Restate exactly the lines below, from the one containing "一般戶外垃圾房的要求,都是以" through the final line, and leave out the pictures.
╭─ Source data
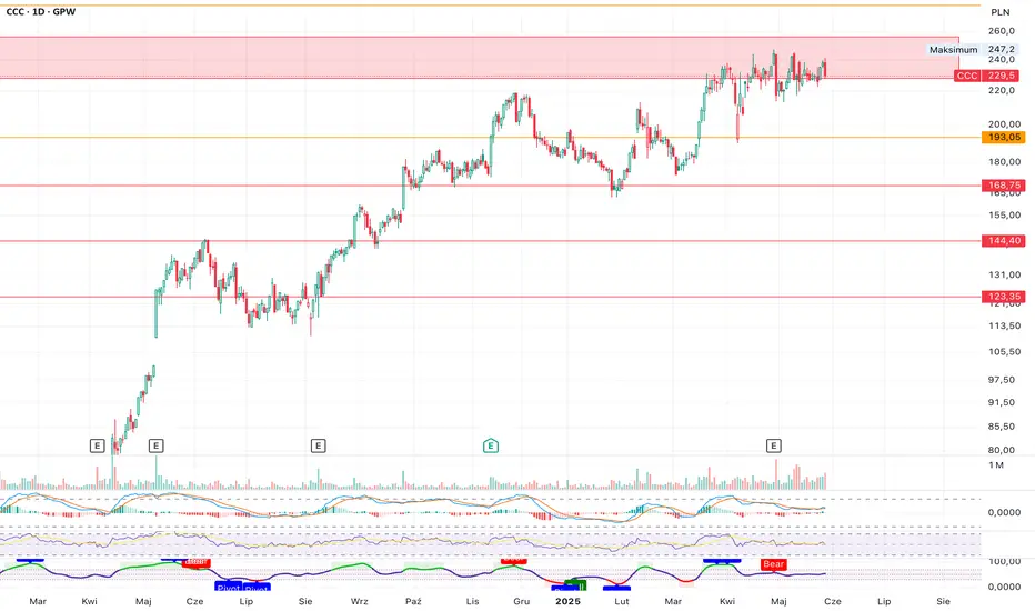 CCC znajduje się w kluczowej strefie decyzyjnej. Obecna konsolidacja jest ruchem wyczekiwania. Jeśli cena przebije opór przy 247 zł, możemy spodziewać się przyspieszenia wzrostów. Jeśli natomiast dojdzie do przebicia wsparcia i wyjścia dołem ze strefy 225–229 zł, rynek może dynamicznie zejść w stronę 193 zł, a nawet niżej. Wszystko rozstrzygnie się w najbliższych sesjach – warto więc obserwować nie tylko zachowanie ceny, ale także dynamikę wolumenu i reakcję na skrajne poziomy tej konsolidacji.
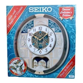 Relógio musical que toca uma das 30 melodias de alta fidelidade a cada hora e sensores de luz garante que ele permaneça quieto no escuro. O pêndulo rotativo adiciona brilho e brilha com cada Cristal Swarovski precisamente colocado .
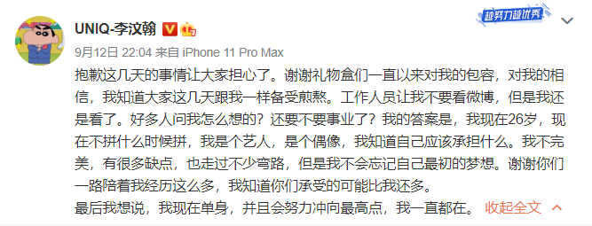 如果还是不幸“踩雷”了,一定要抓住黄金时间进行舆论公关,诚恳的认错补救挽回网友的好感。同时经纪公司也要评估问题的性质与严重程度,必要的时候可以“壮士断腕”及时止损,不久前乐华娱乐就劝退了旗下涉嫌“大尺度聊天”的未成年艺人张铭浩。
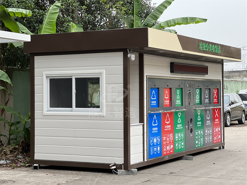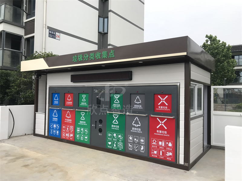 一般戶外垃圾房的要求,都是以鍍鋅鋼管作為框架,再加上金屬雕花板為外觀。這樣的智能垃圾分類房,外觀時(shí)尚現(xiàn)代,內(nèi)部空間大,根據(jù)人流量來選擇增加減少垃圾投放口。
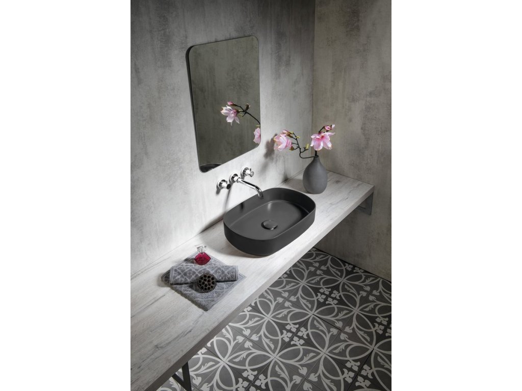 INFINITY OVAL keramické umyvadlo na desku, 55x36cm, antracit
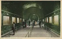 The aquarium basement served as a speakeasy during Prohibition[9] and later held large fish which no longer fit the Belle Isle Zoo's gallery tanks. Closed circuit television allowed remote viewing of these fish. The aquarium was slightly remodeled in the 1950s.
╰─
_Response to this task_.
 一般戶外垃圾房的要求,都是以鍍鋅鋼管作為框架,再加上金屬雕花板為外觀。這樣的智能垃圾分類房,外觀時(shí)尚現(xiàn)代,內(nèi)部空間大,根據(jù)人流量來選擇增加減少垃圾投放口。
 INFINITY OVAL keramické umyvadlo na desku, 55x36cm, antracit
 The aquarium basement served as a speakeasy during Prohibition[9] and later held large fish which no longer fit the Belle Isle Zoo's gallery tanks. Closed circuit television allowed remote viewing of these fish. The aquarium was slightly remodeled in the 1950s.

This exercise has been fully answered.